Material supplied:
◇ ◇ ◇ ◇ ◇

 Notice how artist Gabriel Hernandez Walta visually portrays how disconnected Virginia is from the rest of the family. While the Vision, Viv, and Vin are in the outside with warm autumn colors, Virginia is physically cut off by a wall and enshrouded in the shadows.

◇ ◇ ◇ ◇ ◇

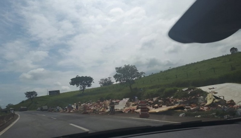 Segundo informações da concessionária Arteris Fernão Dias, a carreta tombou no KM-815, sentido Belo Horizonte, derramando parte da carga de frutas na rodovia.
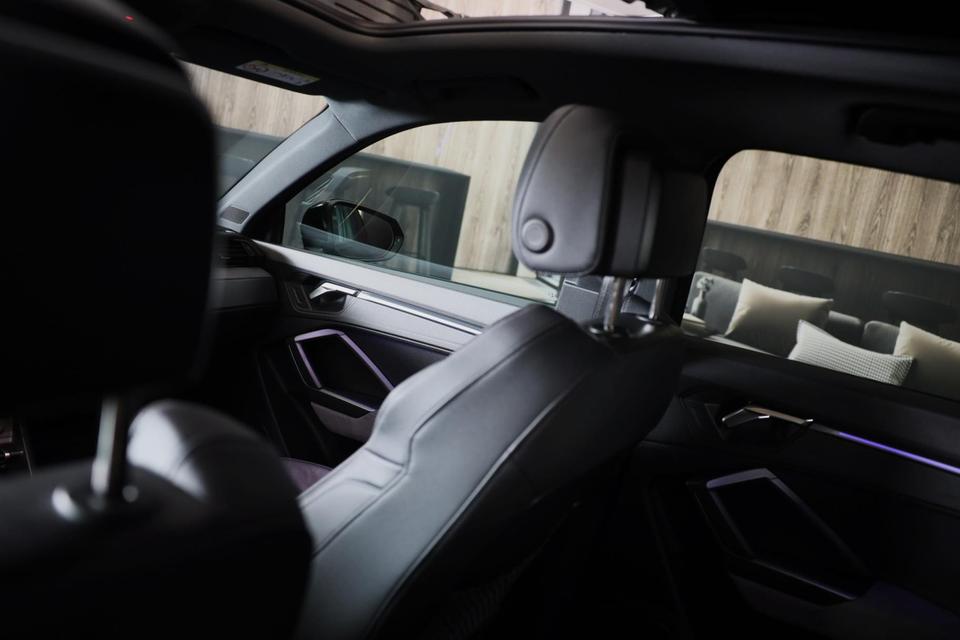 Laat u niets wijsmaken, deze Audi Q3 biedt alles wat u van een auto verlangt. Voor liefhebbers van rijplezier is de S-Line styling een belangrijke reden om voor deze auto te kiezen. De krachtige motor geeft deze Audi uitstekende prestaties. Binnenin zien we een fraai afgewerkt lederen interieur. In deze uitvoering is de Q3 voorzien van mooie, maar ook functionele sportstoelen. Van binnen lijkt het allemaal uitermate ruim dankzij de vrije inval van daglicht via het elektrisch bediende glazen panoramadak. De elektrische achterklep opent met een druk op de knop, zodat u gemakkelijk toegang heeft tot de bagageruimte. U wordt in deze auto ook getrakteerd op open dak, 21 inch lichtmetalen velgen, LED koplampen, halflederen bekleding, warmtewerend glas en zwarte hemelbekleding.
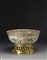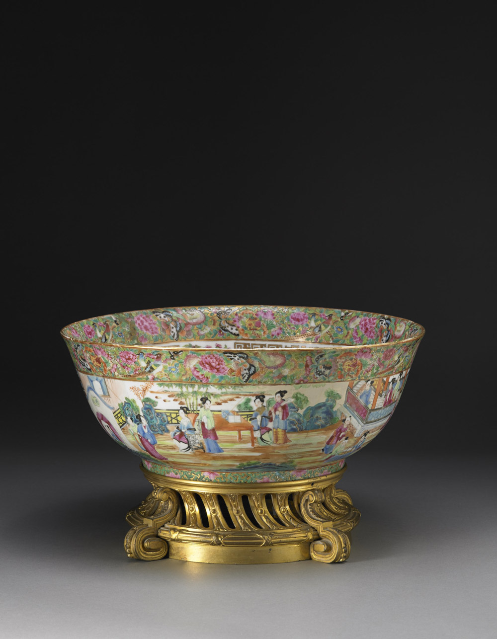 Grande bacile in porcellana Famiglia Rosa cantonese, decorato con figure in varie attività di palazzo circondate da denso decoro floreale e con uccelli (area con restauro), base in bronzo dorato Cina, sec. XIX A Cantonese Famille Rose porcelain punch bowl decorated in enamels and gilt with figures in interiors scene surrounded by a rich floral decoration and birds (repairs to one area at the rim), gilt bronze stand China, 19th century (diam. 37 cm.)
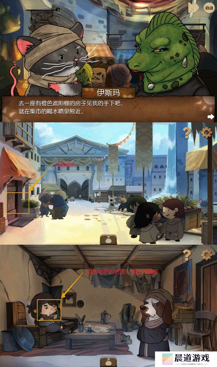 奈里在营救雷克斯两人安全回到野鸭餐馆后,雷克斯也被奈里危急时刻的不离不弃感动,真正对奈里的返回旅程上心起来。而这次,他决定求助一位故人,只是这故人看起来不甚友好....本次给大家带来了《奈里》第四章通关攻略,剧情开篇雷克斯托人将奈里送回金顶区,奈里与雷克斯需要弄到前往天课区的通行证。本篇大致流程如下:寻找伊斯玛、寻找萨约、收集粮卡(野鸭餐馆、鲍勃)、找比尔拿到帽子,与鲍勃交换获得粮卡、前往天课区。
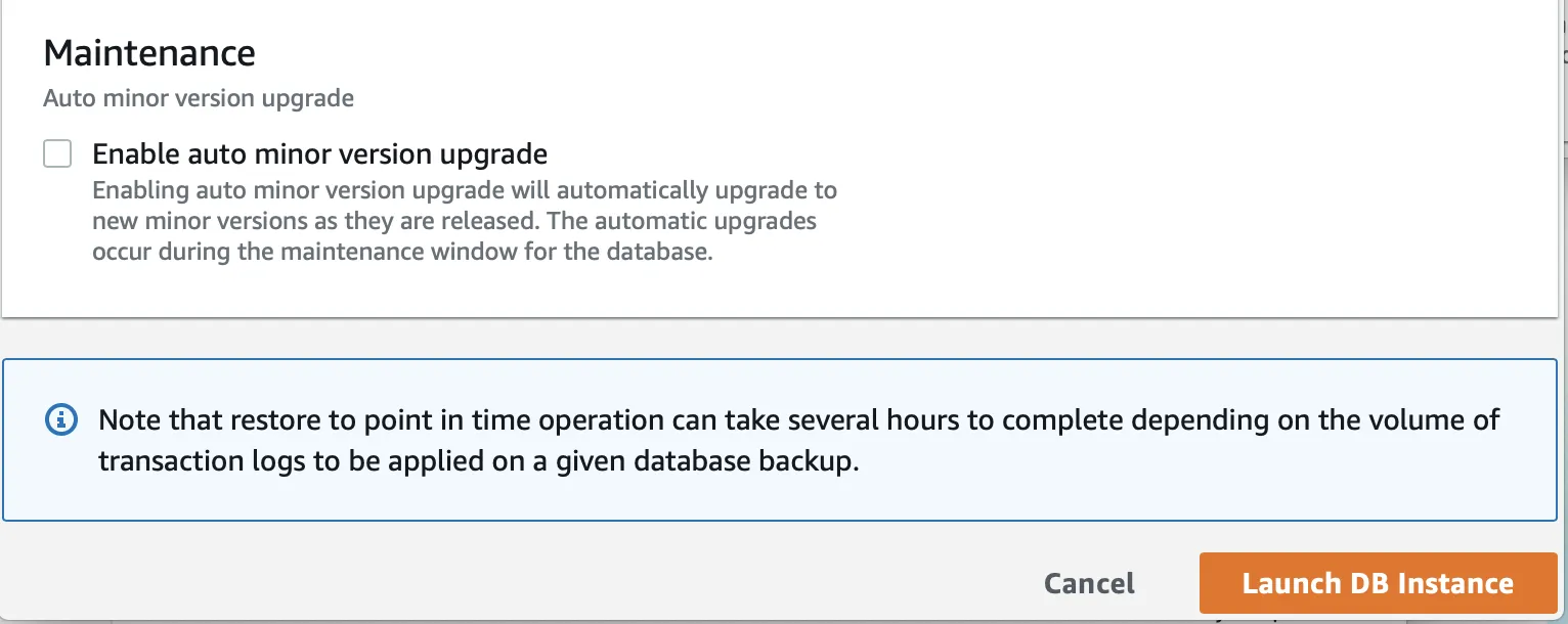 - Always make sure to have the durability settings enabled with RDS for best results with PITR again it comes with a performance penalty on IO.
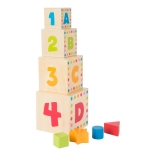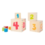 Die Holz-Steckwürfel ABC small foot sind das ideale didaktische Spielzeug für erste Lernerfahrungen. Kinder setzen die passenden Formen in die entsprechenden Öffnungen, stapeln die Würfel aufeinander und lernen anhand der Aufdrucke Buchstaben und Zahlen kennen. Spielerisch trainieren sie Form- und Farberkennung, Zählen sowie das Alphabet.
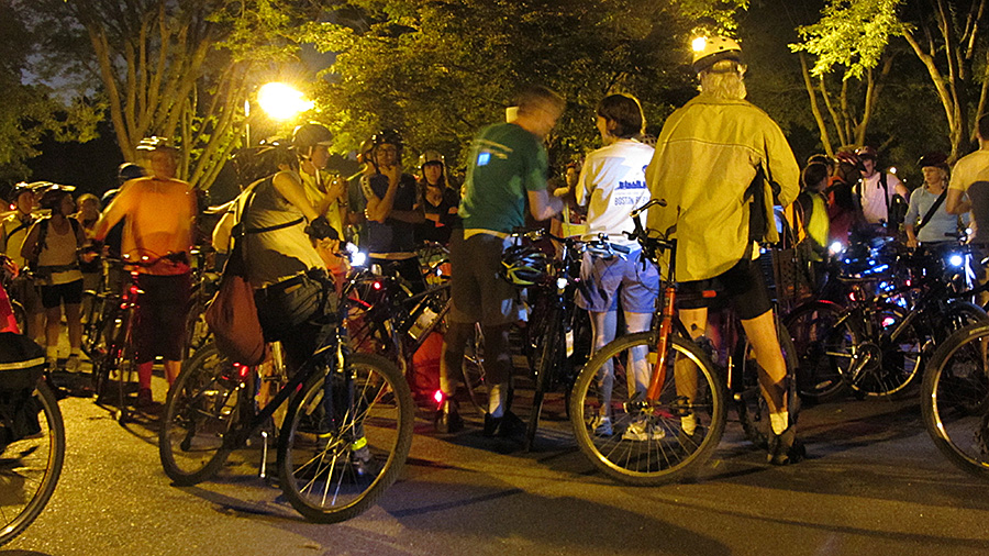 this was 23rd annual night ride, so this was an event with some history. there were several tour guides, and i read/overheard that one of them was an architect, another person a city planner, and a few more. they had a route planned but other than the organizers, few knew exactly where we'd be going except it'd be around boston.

◇ ◇ ◇ ◇ ◇

Exercise instructions: Start at the line above containing "奈里在营救雷克斯两人安全回到" and stop at the line containing "- Always make": print those lines and everything between them exactly, but not the pictures.

Your response:
 奈里在营救雷克斯两人安全回到野鸭餐馆后,雷克斯也被奈里危急时刻的不离不弃感动,真正对奈里的返回旅程上心起来。而这次,他决定求助一位故人,只是这故人看起来不甚友好....本次给大家带来了《奈里》第四章通关攻略,剧情开篇雷克斯托人将奈里送回金顶区,奈里与雷克斯需要弄到前往天课区的通行证。本篇大致流程如下:寻找伊斯玛、寻找萨约、收集粮卡(野鸭餐馆、鲍勃)、找比尔拿到帽子,与鲍勃交换获得粮卡、前往天课区。
 - Always make sure to have the durability settings enabled with RDS for best results with PITR again it comes with a performance penalty on IO.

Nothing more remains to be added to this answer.